И как это выжившие из ума старпёры умудряются накропать толстенные тома мемуаров? Или за них марают бумагу литературные рабы? Ведь, находясь в маразме, особенно не распишешься, тут бы не забыть до гальюна доползти, и то слава богу.
Однако у меня никаких рабов не имеется в наличии, да и не смогут они воспроизвести недолгой памяти события столь правдиво, как я: непременно что-нибудь приврут или, наоборот, упустят. Посему продолжаю катить этот сизифов камень самолично…
***
– Что-то Василия давно нет, – сказал Сергей Егоров.
– Заблукал, наверное, по улицам шалается, – бормотнул типа-Шолохов-или-не-Шолохов. – Или где-нибудь отдохнуть притулился – может, вот в этой леваде придорожной… У нас в Вёшках хохма один раз приключилась в связи с алкогольным делом, вот это действительно мужику не повезло. Мужик-то дрянь, нечаянный воряга, а всё равно смешно. В магазине, перед самым закрытием, прошмыгнул он в подсобку и спрятался там с целью дальнейшей покражи. А сам был уже изрядно под хмелем. Ну, дождался, пока продавщица отправилась домой. Потом набрал в авоську штук семь-восемь бутылок водки, о большем он не мечтал, и стал выбираться с добычей через фортку. Попервоначалу всё шло нормально: вывесил он, значит, свои бутылки наружу и стал сунуться сам. Однако видит, что по габаритам не проходит. Тогда он разделся и полез телешом – опять же, с авоськой водки перед собой… В общем, выпучился мужик из фортки наполовину и застрял. Сопел-пыхтел – задарма: ни вперёд, ни назад выцарапаться не может! Так и остался висеть: наполовину на улице, наполовину в магазине. «Раз не удалось своровать водку домой, – решил он, – значит, надо выпить её на месте, прямо в таком положении». Задрать голову вверх у него не имелось возможности; свободной рукой он достал из авоськи бутылку, после – вторую: выпил их обе, выворачиваясь лицевой частью набок, сколь было доступно. Кончилось тем, что поутру участковый, вызванный мимохожими станичниками, долго матюгался, выдирая из фортки вполусмерть пьяного злочинца.

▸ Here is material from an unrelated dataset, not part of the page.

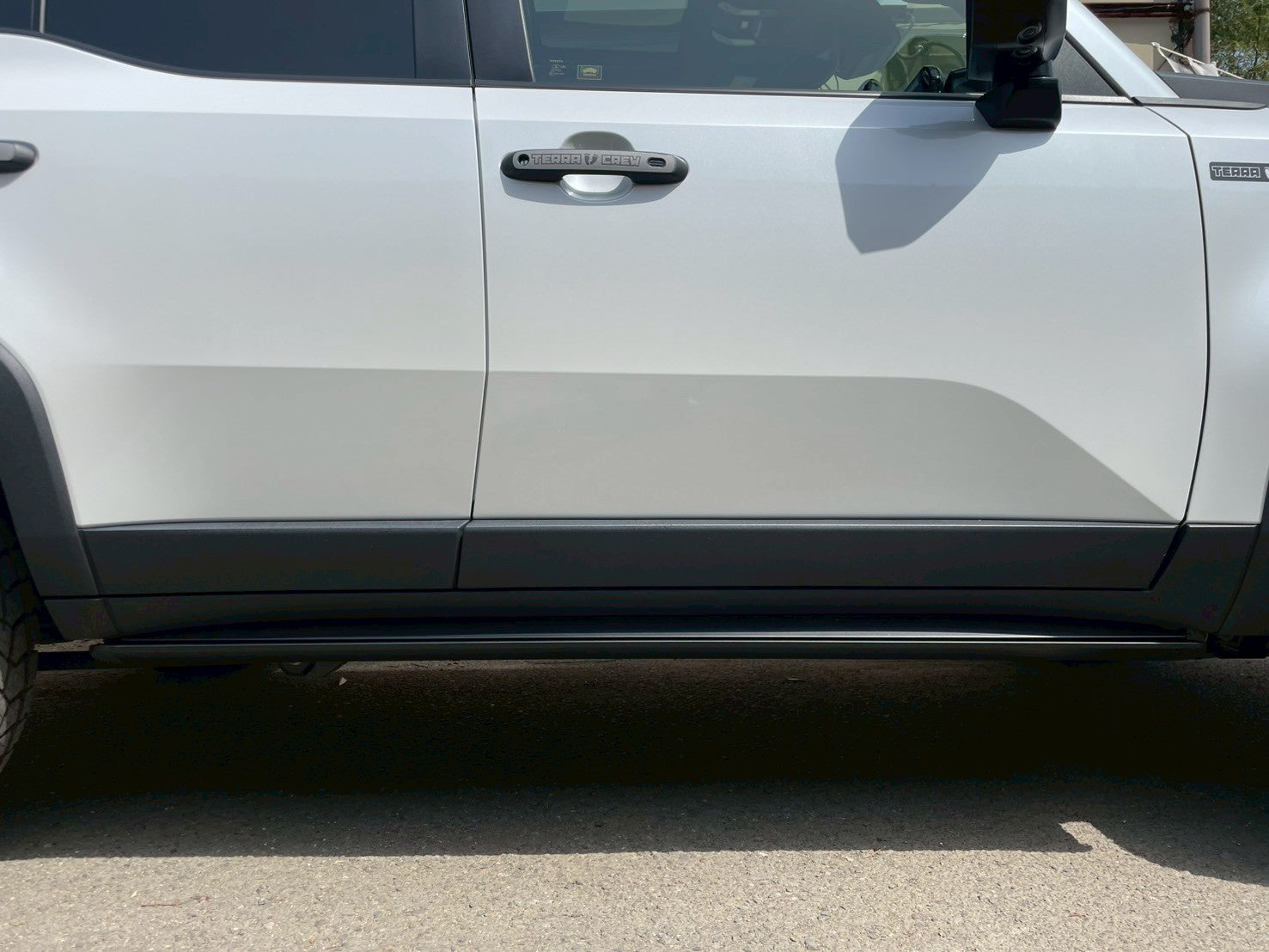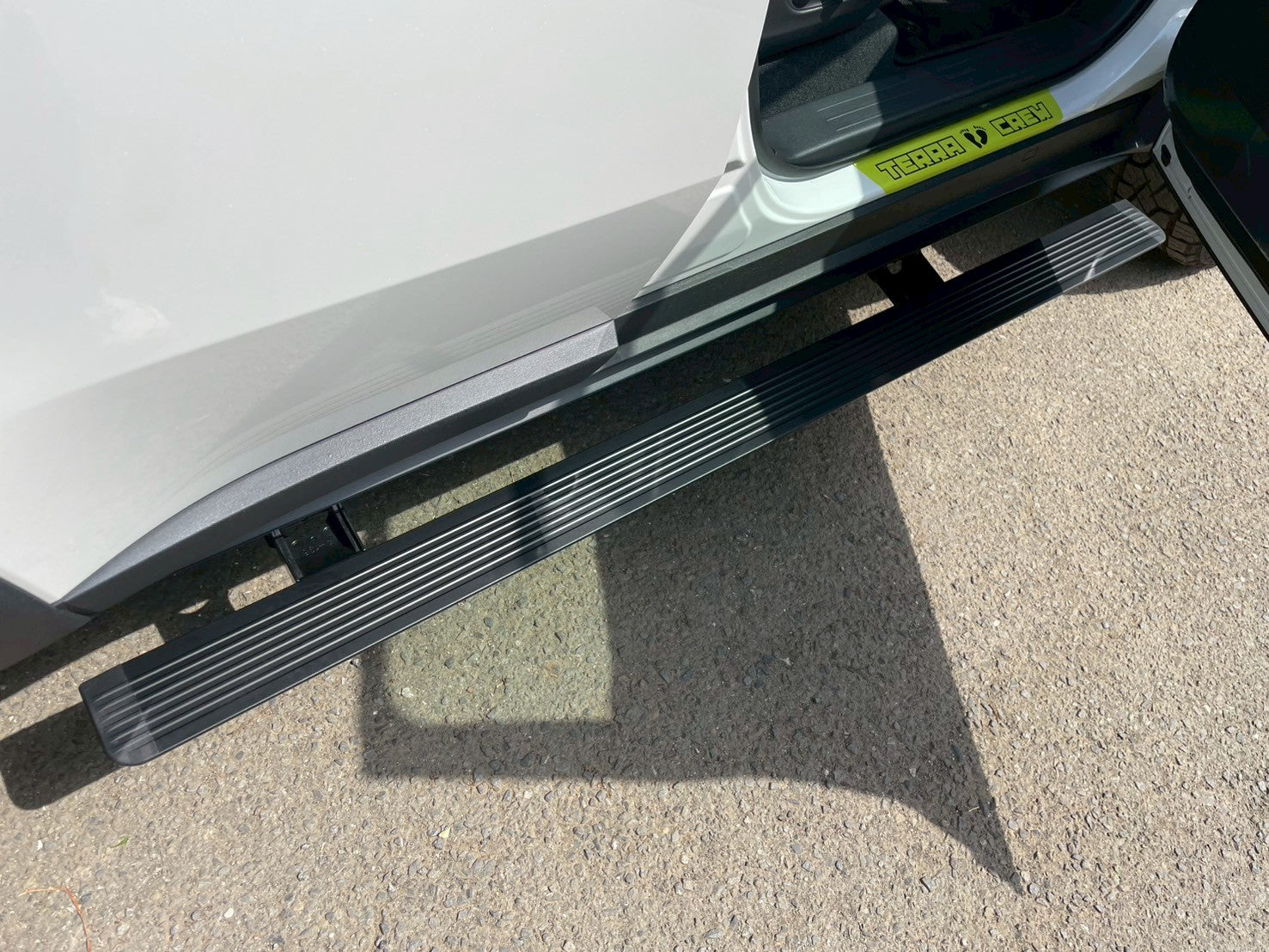 ドアクローズド時にはモーターによりステップがフォールドされ、ドアオープン時ではステップが展開します。スタイリッシュなフォルムと、実用性を実現する製品です。

– Нет, Василий вряд ли где-нибудь вырубился,– сказал Сергей, выслушав рассказ пришлеца. – Возможно, ищет вчерашнего дня в куширях, но он мужик здоровый, да и не настолько пьян, чтобы вырубиться.
– А я разве говорю, что настолько? – удивился наш собеседник. – Я же для примера проиллюстрировал. Имел в виду, что по пьяному делу разные бывают случаи. Нарочно такого не придумаешь, какое иной раз происходит в жизни.
– Да уж… – вздохнул я. – Вот так подумаешь: зачем люди пьют? И не находишь ответа.
– От скуки пьют, – сказал Шолохов. – Для праздника. Людям яркости недостаёт. Особенно творческим личностям. Им всё время потребны бодрые движения в душе, чтобы не свихнуться. А где их взять? Только через водку, исключительно через неё, родимую. В крайнем случае, через коньяк.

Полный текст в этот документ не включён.